**Description of the task**. Emit a verbatim copy of the lines below from the line with "smooth surface. |" through the line with "protección del carrete.", excluding pictures and everything outside that range.

[[ Available data open ]]

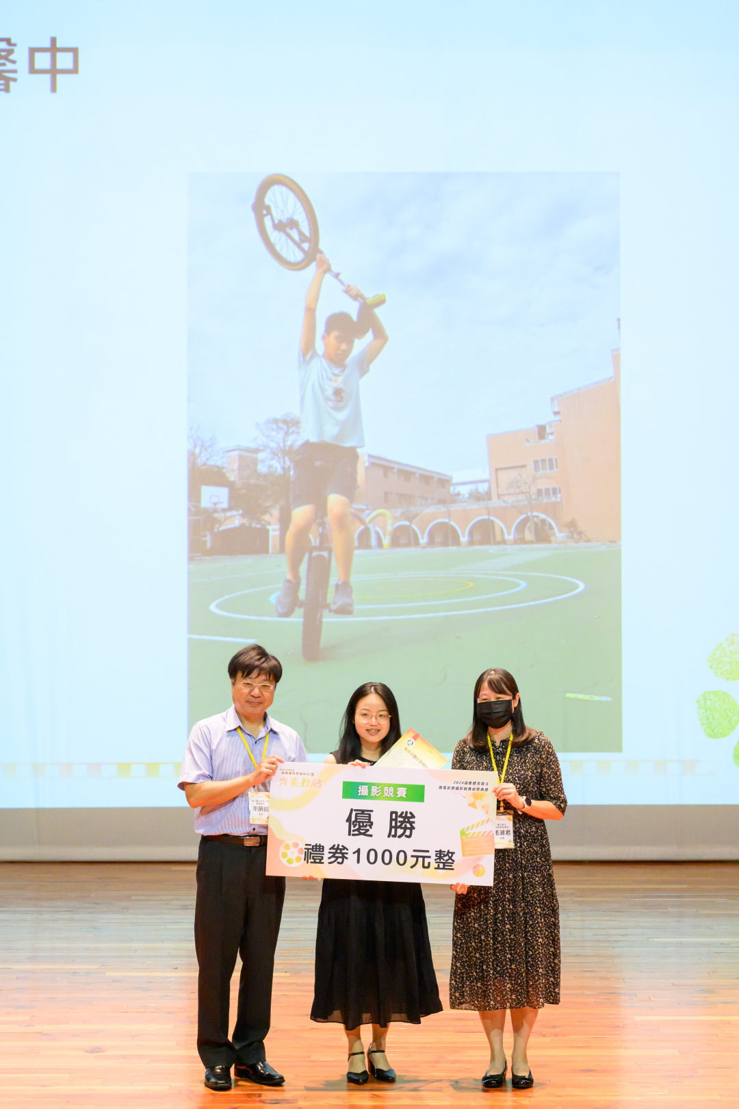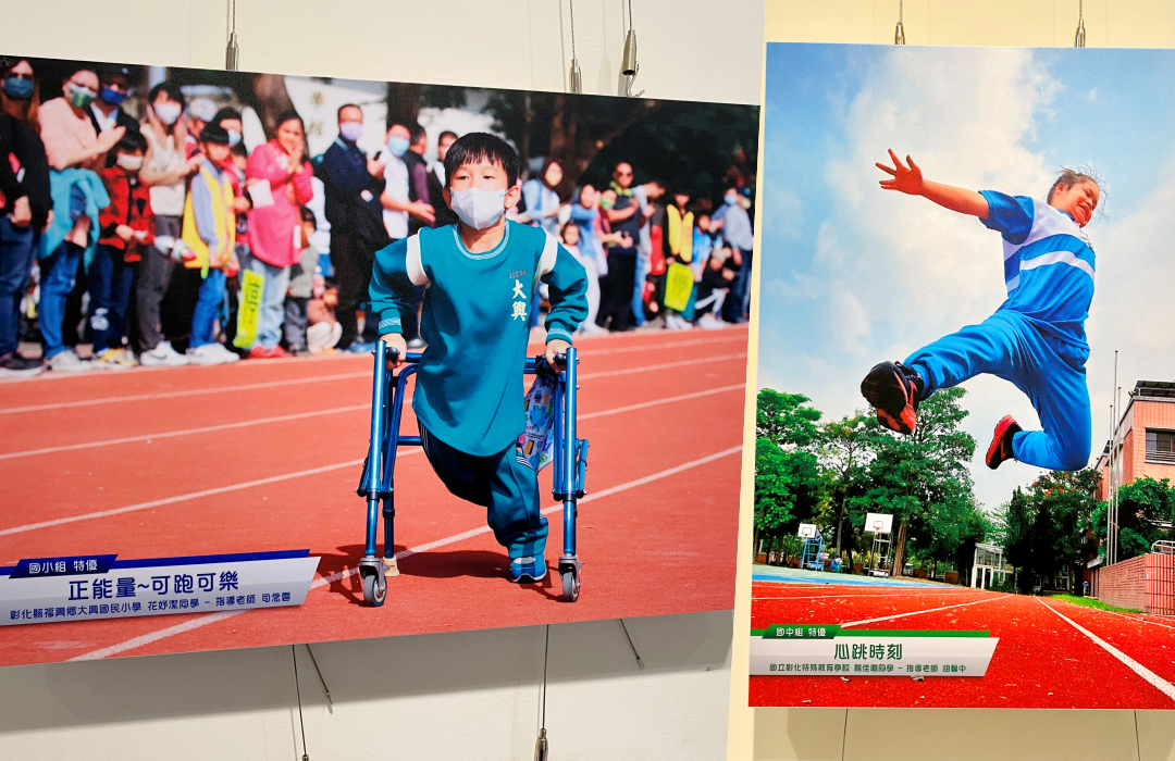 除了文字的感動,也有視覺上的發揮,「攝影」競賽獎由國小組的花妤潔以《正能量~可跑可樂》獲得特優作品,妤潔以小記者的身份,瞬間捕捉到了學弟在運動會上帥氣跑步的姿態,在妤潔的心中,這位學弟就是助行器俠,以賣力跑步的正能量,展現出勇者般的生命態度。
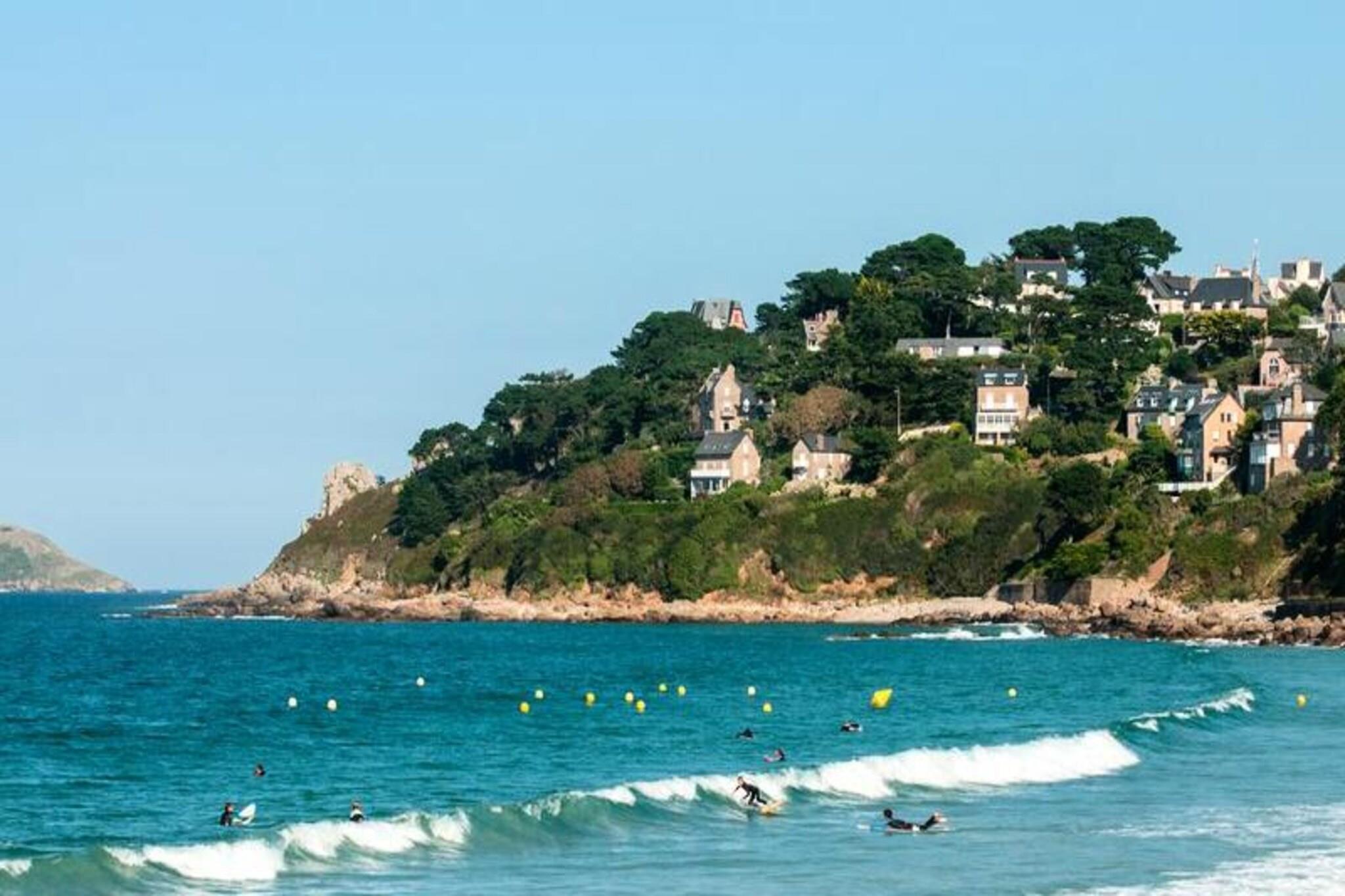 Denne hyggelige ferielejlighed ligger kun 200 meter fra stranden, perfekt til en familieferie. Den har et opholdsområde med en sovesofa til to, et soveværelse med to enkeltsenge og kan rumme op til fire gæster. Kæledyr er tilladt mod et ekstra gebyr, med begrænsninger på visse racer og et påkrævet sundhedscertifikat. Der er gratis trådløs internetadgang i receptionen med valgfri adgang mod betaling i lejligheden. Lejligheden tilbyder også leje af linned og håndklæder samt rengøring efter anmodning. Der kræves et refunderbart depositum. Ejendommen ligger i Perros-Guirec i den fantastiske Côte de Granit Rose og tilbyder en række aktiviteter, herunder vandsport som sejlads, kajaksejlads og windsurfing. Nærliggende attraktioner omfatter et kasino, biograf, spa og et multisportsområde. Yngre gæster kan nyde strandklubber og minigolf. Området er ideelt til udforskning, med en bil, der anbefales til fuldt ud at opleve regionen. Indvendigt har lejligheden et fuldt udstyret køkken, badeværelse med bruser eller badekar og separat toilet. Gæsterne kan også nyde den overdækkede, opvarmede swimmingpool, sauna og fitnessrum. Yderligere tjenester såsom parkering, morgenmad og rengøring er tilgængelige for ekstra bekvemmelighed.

[[ Available data closed ]]
[[ Available data open ]]

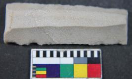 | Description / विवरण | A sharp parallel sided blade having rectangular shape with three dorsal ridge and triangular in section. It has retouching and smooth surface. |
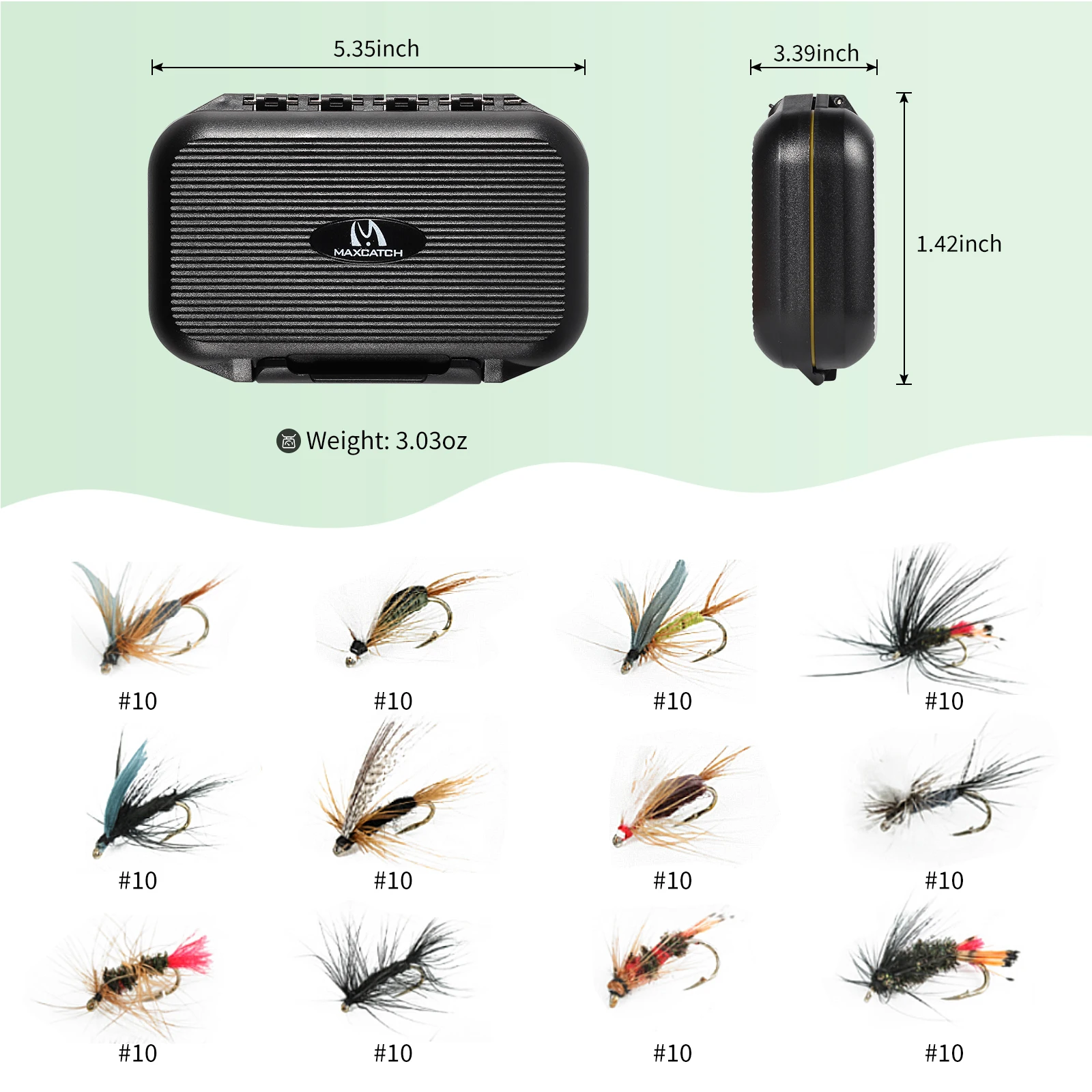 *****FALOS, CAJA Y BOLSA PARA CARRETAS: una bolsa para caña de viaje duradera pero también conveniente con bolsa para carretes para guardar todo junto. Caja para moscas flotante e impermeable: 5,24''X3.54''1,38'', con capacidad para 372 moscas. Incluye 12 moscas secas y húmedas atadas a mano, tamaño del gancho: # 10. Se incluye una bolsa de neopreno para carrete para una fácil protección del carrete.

[[ Available data closed ]]
[[ Available data open ]]

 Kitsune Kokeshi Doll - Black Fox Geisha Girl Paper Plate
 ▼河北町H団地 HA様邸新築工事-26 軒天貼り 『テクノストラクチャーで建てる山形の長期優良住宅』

[[ Available data closed ]]

**Reply to the exercise**.
 | Description / विवरण | A sharp parallel sided blade having rectangular shape with three dorsal ridge and triangular in section. It has retouching and smooth surface. |
 *****FALOS, CAJA Y BOLSA PARA CARRETAS: una bolsa para caña de viaje duradera pero también conveniente con bolsa para carretes para guardar todo junto. Caja para moscas flotante e impermeable: 5,24''X3.54''1,38'', con capacidad para 372 moscas. Incluye 12 moscas secas y húmedas atadas a mano, tamaño del gancho: # 10. Se incluye una bolsa de neopreno para carrete para una fácil protección del carrete.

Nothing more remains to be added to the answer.